8. Make it Rewarding to Be Social With an Incentive

It’s no secret that people are more likely to get involved with your brand if there’s something in it for them. This is exactly what you should leverage when trying to reduce bounce rates on your landing page by creating incentives to engage with your content.

For instance, you can offer something like a free download in exchange for an email address. Once the user fills out the form and clicks on “Download Now,” they’ll get access to what they’re looking for immediately. This makes it easier for them to be social because they don’t have to wait before getting what they want.
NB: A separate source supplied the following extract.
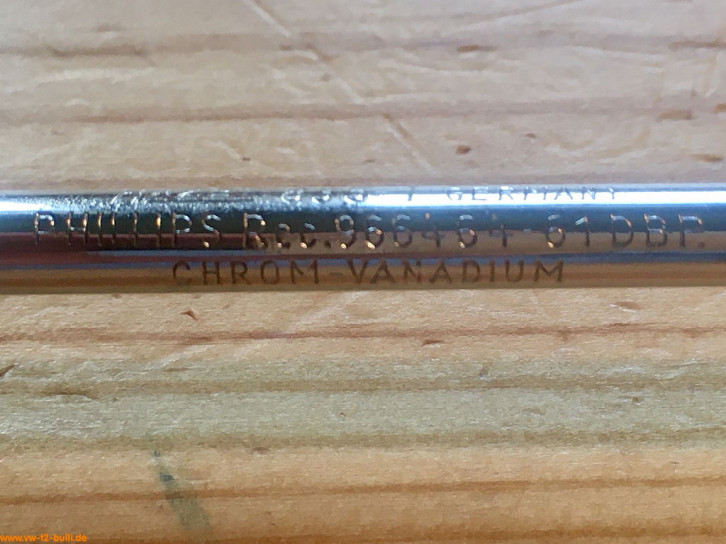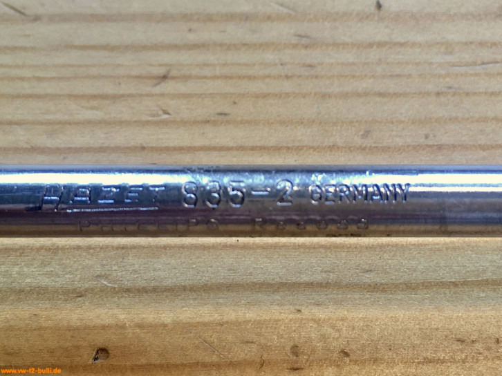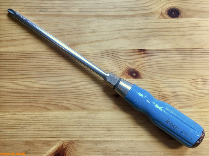 Dieser ca. 275 mm lange Schraubendreher nach DIN 5262 Form A für Kreuzschlitzschrauben (Phillips Recess) der Größen Nr. 12 bis 16 mit runder Klinge und mit blauem Holzgriff gehörte zur HAZET Werkstattausrüstung für luftgekühlte VWs bis vor 1972 - danach durch 835 mit gelbtransparenten Kunststoffgriff ersetzt. Er war auch Teil des 3-teiligen Kreuzschlitzschrauben-Sets für VW 575/3 von 1954 bis vor 1958 bzw. 2575/3 1958 bis 1969.

There are countless ways you can make your content more engaging by adding incentives, but the most important part is knowing what works best for your brand and audience. Generally speaking, anything that would give value to your prospect will reduce bounce rates because they won’t want to let an opportunity slip through their fingers.

Aishwar Babber

Aishwar Babber is a passionate blogger and a digital marketer. He loves to talk and blog about the latest tech and gadgets, which motivates him to run GizmoBase. He is currently practicing his digital marketing, SEO, and SMO expertise as a full-time marketer on various projects. He is an active investor in AffiliateBay and a director in ImageStation.